Recorded data:
=== Section Start ===

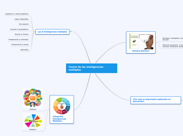Lingüística (o verbal-lingüística): Habilidad para utilizar con un dominio avanzado el lenguaje oral y escrito, así como para responder a él. Por ejemplo los políticos u oradores de prestigio.Lógico-matemática: Habilidad para el razonamiento complejo, la relación causa-efecto, la abstracción y la resolución de problemas. Por ejemplo un campeón de ajedrez o científicos.Viso-espacial: Capacidad de percibir el mundo y poder crear imágenes mentales a partir de la experiencia visual. Por ejemplo fotografía, video, creatividad 3D, etcCorporal (o quinestésica): Habilidad de utilizar el cuerpo para aprender y para expresar ideas y sentimientos. Incluye el dominio de habilidades físicas como el equilibrio, la fuerza, la flexibilidad y la velocidad. Ejemplo: Danza o gimnasia.Musical (o rítmica): Habilidad de saber utilizar y responder a los diferentes elementos musicales (ritmo, timbre y tono). Por ejemplo los músicos.Intrapersonal (o individual): Habilidad de comprenderse a sí mismo y utilizar este conocimiento para operar de manera efectiva en la vida. Por ejemplo los psícologos y filósofos .Interpersonal (o social): Habilidad de interactuar y comprender a las personas y sus relaciones. Por ejemplo las personas solidarias, miembros de ONGs, campañas de ayuda a refugiados, etcNaturalista: Habilidad para el pensamiento científico, para observar la naturaleza, identificar patrones y utilizarla de manera productiva. Por ejemplo científicos volcados en el naturalismo y la defensa de la naturaleza.http://www.ceolevel.com/8-inteligencias-la-teoria-de-las-inteligencias-multiples
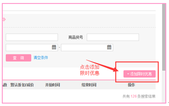 我們拿限時(shí)折扣活動(dòng)類(lèi)型進(jìn)行添加商品演示(限時(shí)減價(jià)類(lèi)型類(lèi)似,只不過(guò)把折扣輸入變?yōu)闇p價(jià)輸入即可,不再詳述)
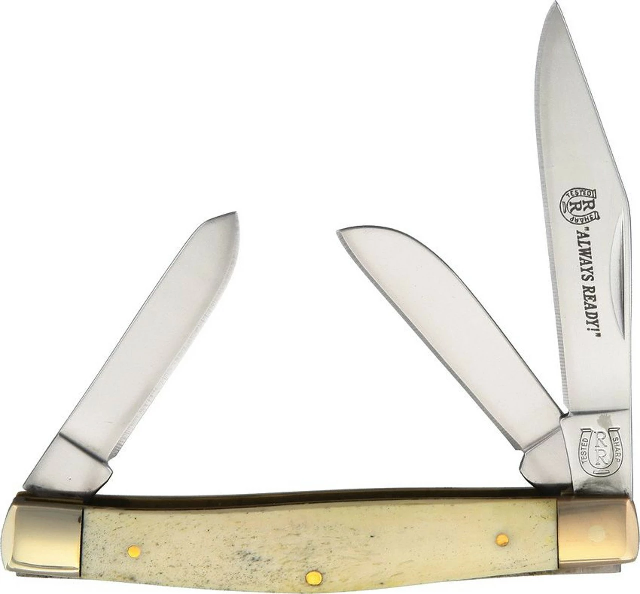 Rough Ryder Stockman (248) 2.62″ Clip, 1.87″ Spey, 1.87″ Sheepsfoot Mirror Polished 440A Plain Blades, White Smooth Bone Handle

=== Section End ===

Instructions to follow: The whole listing should be transcribed exactly, though its pictures must be left out.

Output for this task:
Lingüística (o verbal-lingüística): Habilidad para utilizar con un dominio avanzado el lenguaje oral y escrito, así como para responder a él. Por ejemplo los políticos u oradores de prestigio.Lógico-matemática: Habilidad para el razonamiento complejo, la relación causa-efecto, la abstracción y la resolución de problemas. Por ejemplo un campeón de ajedrez o científicos.Viso-espacial: Capacidad de percibir el mundo y poder crear imágenes mentales a partir de la experiencia visual. Por ejemplo fotografía, video, creatividad 3D, etcCorporal (o quinestésica): Habilidad de utilizar el cuerpo para aprender y para expresar ideas y sentimientos. Incluye el dominio de habilidades físicas como el equilibrio, la fuerza, la flexibilidad y la velocidad. Ejemplo: Danza o gimnasia.Musical (o rítmica): Habilidad de saber utilizar y responder a los diferentes elementos musicales (ritmo, timbre y tono). Por ejemplo los músicos.Intrapersonal (o individual): Habilidad de comprenderse a sí mismo y utilizar este conocimiento para operar de manera efectiva en la vida. Por ejemplo los psícologos y filósofos .Interpersonal (o social): Habilidad de interactuar y comprender a las personas y sus relaciones. Por ejemplo las personas solidarias, miembros de ONGs, campañas de ayuda a refugiados, etcNaturalista: Habilidad para el pensamiento científico, para observar la naturaleza, identificar patrones y utilizarla de manera productiva. Por ejemplo científicos volcados en el naturalismo y la defensa de la naturaleza.http://www.ceolevel.com/8-inteligencias-la-teoria-de-las-inteligencias-multiples
 我們拿限時(shí)折扣活動(dòng)類(lèi)型進(jìn)行添加商品演示(限時(shí)減價(jià)類(lèi)型類(lèi)似,只不過(guò)把折扣輸入變?yōu)闇p價(jià)輸入即可,不再詳述)
 Rough Ryder Stockman (248) 2.62″ Clip, 1.87″ Spey, 1.87″ Sheepsfoot Mirror Polished 440A Plain Blades, White Smooth Bone Handle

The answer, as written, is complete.